Professor Denis Rancourt is a physicist and interdisciplinary scientist who ran a large laboratory at Canada’s University of Ottawa.
His research has involved developing techniques using physics and mathematics methods to analyse a range of natural science problems. This included environmental and planetary science, theoretical physics and biogeochemistry with an example being interactions between bacteria and minerals.
Since the beginning of the Covid pandemic Professor Rancourt has been analysing all-cause mortality in populations. He has collaborated with Panda and fellow scientists as published at his own website, DenisRancourt.ca. He speaks out with a calm courage, to challenge the various politicised narratives which have established themselves in the place of public health.
One of Professor Rancourt’s most comprehensive presentations was with the National Citizens Inquiry of Canada, a private tribunal giving a platform to voices who have been silenced by the planned censorship of the global Covid-19 response. We featured the National Citizens Inquiry in our May 2023 article here.
Professor Rancourt and his team have recently published a comprehensive report titled COVID-19 vaccine-associated mortality in the Southern Hemisphere, in Correlation Research in the Public Interest. This is a Canadian non-profit organisation “conducting independent scientific research on topics of public interest”.
The 180-page report is quite technical, detailing the research methods used and using graphs and figures requiring a level of scientific literacy. Data from seventeen nations is analysed.
Although New Zealand has been held up as a beacon of success due to lockdown efficiency, nine of the nations studied had no detectable rise in all-cause mortality for the first year after March 2020 when the World Health Organization announced a pandemic. However, all nations experienced an increase in all-cause mortality directly associated with the vaccine rollouts.
The authors demonstrate synchronised timing between Covid-19 vaccination campaigns and peaks in all-cause mortality, including different peaks in different countries at different times. The coincident timing within nations, between all-cause mortality and vaccination campaigns is highly suggestive of a causal relationship.

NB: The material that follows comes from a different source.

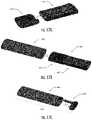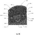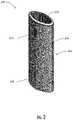 As shown in the figures, theliquid transport element516 is disposed within thebase member514 and extends between the liquid composition in thereservoir cavity528 and the heating member518 (see alsoFIG. 20). In the depicted implementation, theliquid transport element516 is formed of a cotton material and, when installed in thecartridge500, has a curved shape. In other implementations, however, theliquid transport element516 may have other shapes and may be formed of a variety of materials configured for transport of a liquid, such as by capillary action. For example, in some implementations the liquid transport element may be formed of fibrous materials (e.g., organic cotton, cellulose acetate, regenerated cellulose fabrics, glass fibers), porous ceramics, porous carbon, graphite, porous glass, sintered glass beads, sintered ceramic beads, capillary tubes, or the like. In other implementations, the liquid transport element may be any material that contains an open pore network (i.e., a plurality of pores that are interconnected so that fluid may flow from one pore to another in a plurality of direction through the element). As further discussed herein, some implementations of the present disclosure may particularly relate to the use of non-fibrous transport elements. As such, fibrous transport elements may be expressly excluded. Alternatively, combinations of fibrous transport elements and non-fibrous transport elements may be utilized. Representative types of substrates, reservoirs or other components for supporting the aerosol precursor are described in U.S. Pat. No. 8,528,569 to Newton; U.S. Pat. App. Pub. Nos. 2014/0261487 to Chapman et al. and 2014/0059780 to Davis et al.; and U.S. Pat. App. Pub. No. 2015/0216232 to Bless et al.; which are incorporated herein by reference in their entireties. Additionally, various wicking materials, and the configuration and operation of those wicking materials within certain types of electronic cigarettes, are set forth in U.S. Pat. No. 8,910,640 to Sears et al.; which is incorporated herein by reference in its entirety. In some implementations, the liquid transport element may be formed partially or completely from a porous monolith, such as a porous ceramic, a porous glass, or the like. Example monolithic materials suitable for use according to embodiments of the present disclosure are described, for example, in U.S. patent application Ser. No. 14/988,109, filed Jan. 5, 2016, and US Pat. No. 2014/0123989 to LaMothe, the disclosures of which are incorporated herein by reference in their entireties.

They also demonstrate a 1000-fold greater risk of death by Covid-19 vaccination, than shown in clinical trials, adverse effect monitoring systems, and cause-of-death statistics from death certificates.
The vaccine dose fatality rate (vDFR) increases with each subsequent dose rollout, such that in New Zealand after the first booster rollout, the vDFR is 0.05% +/- 0.01%, and after the second booster rollout the vDFR increases four-fold, to 0.21% +/- 0.03%. The strongest peaks occur in the 80+ year old age groups, suggesting that these injections had the opposite effect of protecting our elderly.
Eight discussion points are detailed by the authors:
- Covid-19 vaccines can cause death;
- Absence of excess mortality until the Covid-19 vaccines are rolled out;
- The Covid-19 vaccines did not save lives and appear to be lethal toxic agents [the mechanisms of which are described by the Doctors 4 Covid Ethics publication mRNA Vaccine Toxicity];
- Strong evidence for a causal association and vaccine lethal toxicity;
- Causality in excess mortality is amply demonstrated;
- Assessing other interpretations of the cause of the excess mortality;
- Implications regarding age-dependence of fatal toxicity of Covid-19 vaccines;
- No excess All-Cause Mortality (ACM) by time prior to Covid-19 vaccine rollouts.
Rancourt et al offer three conclusions from their research:
- Causality proven;
- Actual vaccine mortality is much larger than that incorrectly inferred from faulty data;
- The policy of prioritising elderly residents for Covid-19 vaccination must be ended.
This quality piece of research contributes to the growing body of evidence that the pandemic response was failed public health, whether by intent or incompetence of the politicians, bureaucrats and corporate figureheads making and enforcing recommendations. Vaccines given in the name of protecting against Covid-19 illness, hospitalisation and death have, in fact, had the opposite effect.